Tim Gittos

I'm an Australian currently living in Austin, TX in the USA.

I currently earn a living programming, though I wouldn't call myself a programmer. If I had to attach a label to myself, I'd use the term autodidact.

I love learning, and my favorite things to learn about are programming, computer graphics, AI & machine learning, robotics, painting and creativity.

Parsing ASP.NET pages with SGMLParser

Last updated on 09 Mar 2009

I’m going to take a short break in my Ruby CMS series to post something I encountered at work.

During my development of the CMS at work, I’ve had to deal with parsing HTML content in order to compile page content into tags. This involves being able to replace certain elements of a page with other elements. At first I tried to do this with regular expressions, however this didn’t turn out too well when it came to dealing with the inconsistencies in legacy sites running on the current, older CMS. Next, I tried parsing the pages as XDocuments, which worked ok as long as I was parsing well formed pages. As soon as it hit a malformed page, however, it died in a fiery burst of exceptions.

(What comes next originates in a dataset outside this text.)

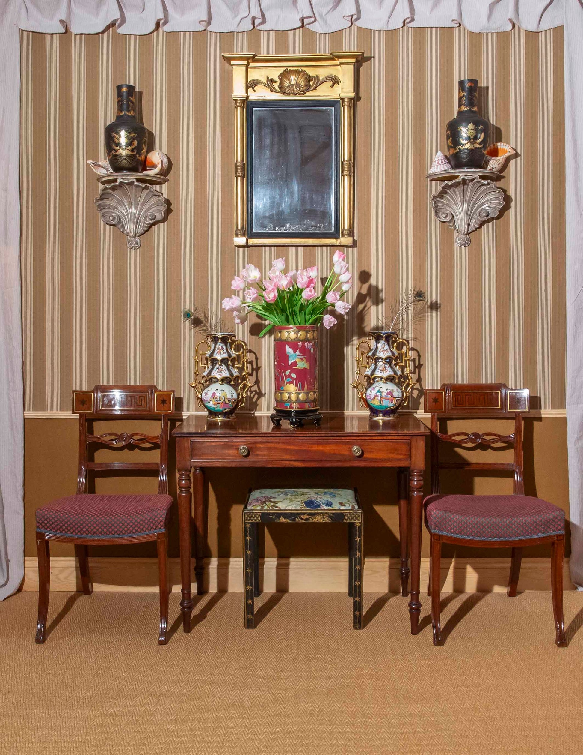 A very similar Japanese-inspired model, listed as shape no. 1697 in the Mintons archives, is attributed to Christopher Dresser, who travelled to Japan in 1876–7 as an emissary of the British Government and later pioneered the development of the Anglo-Japanese style in the decorative arts. Comparable examples include a pair exhibited at the Paris Universelle Exposition, 1878 (see J. Joans, Mintons: The First Two Hundred Years of Design & Production, Shrewsbury, 1993, pp. 103 and 105), formerly in the Thomas Goode Collection. A further pair was sold at Christie’s New York, 20 October 2009, lot 234 ($32,500). Another pair, signed by C. Toft, was sold at Christie’s New York, 18 October 2012, lot 560 ($20,000).

Then I looked at SGMLParser, and it seemed like it was my savior. It parsed SGML, of which HTML is a subset, and it auto corrected malformed content, and would handle all the inconsistencies of life, in use HTML, and it would allow me to parse it into an XDocument so I can manipulate nodes. However, even SGMLParser had it’s own problems: it wouldn’t handle ASP.NET server tags very well, which was a problem.

We provide “plug in” functionality to CMS sites by the way of ASP.NET server controls. You build your functionality, stick the server control files into your site, drop the binary into the bin folder and insert the server control tags into your page. Fire it up, and it will appear and function. However, when running pages with server control tags through the SGMLParser, it wouldn’t recognise the namespaces, and would strip them, completely breaking them.

This was unsatisfactory, as we were planning on using a similar sort of set up to perform the same thing in the new CMS. So, I hit Google, looking for ways to get around this. There’s not a lot of information out there about it, other than “SGML parses SGML, not ASP.NET, which isn’t valid SGML” which was exceedingly unhelpful, because I already know.

I peeked into the source of SGMLReader to see if maybe I could remove the functionality that stripped out unknown namespaces. Sure, this would probably defeat the purpose of using SGMLParser, but it would help me out in this specific project. Unfortunately, the codebase is rather complicated and I really didn’t want to dig in and spend hours on something I wasn’t sure was even going to work.

I saw that the project has a custom HTML dtd, so I considered briefly writing a dtd for ASP.NET. However, while I was thinking of all the different permutations of server tags, especially when you can specify your own namespaces and tag names and attributes, I quickly decided that wasn’t suitable either.

In the end, and I believe this is honestly the only way to do it, I ended up pre-processing my content, wrapping ASP.NET server tags within <![CDATA[ ]]> tags. I noticed that SGMLParser was wrapping my older <% %> ASP style tags in this fashion, and leaving them unmolested. After I parse it into the XDocument, do my manipulations and pull it back out as the desired content, I run a post-process through it, removing the <![CDATA[ ]]> tags that were added in the pre-process. After, I’m left with my content as it went in, with the modifications done through the compiling process.

Of course, I do the pre-processing and post-processing with a regular expression:
[code language=“html”]
</?[\w]+:[^>]*/?>
[/code] 
which I think is kind of funny, in a way. I can never seem to escape regular expressions.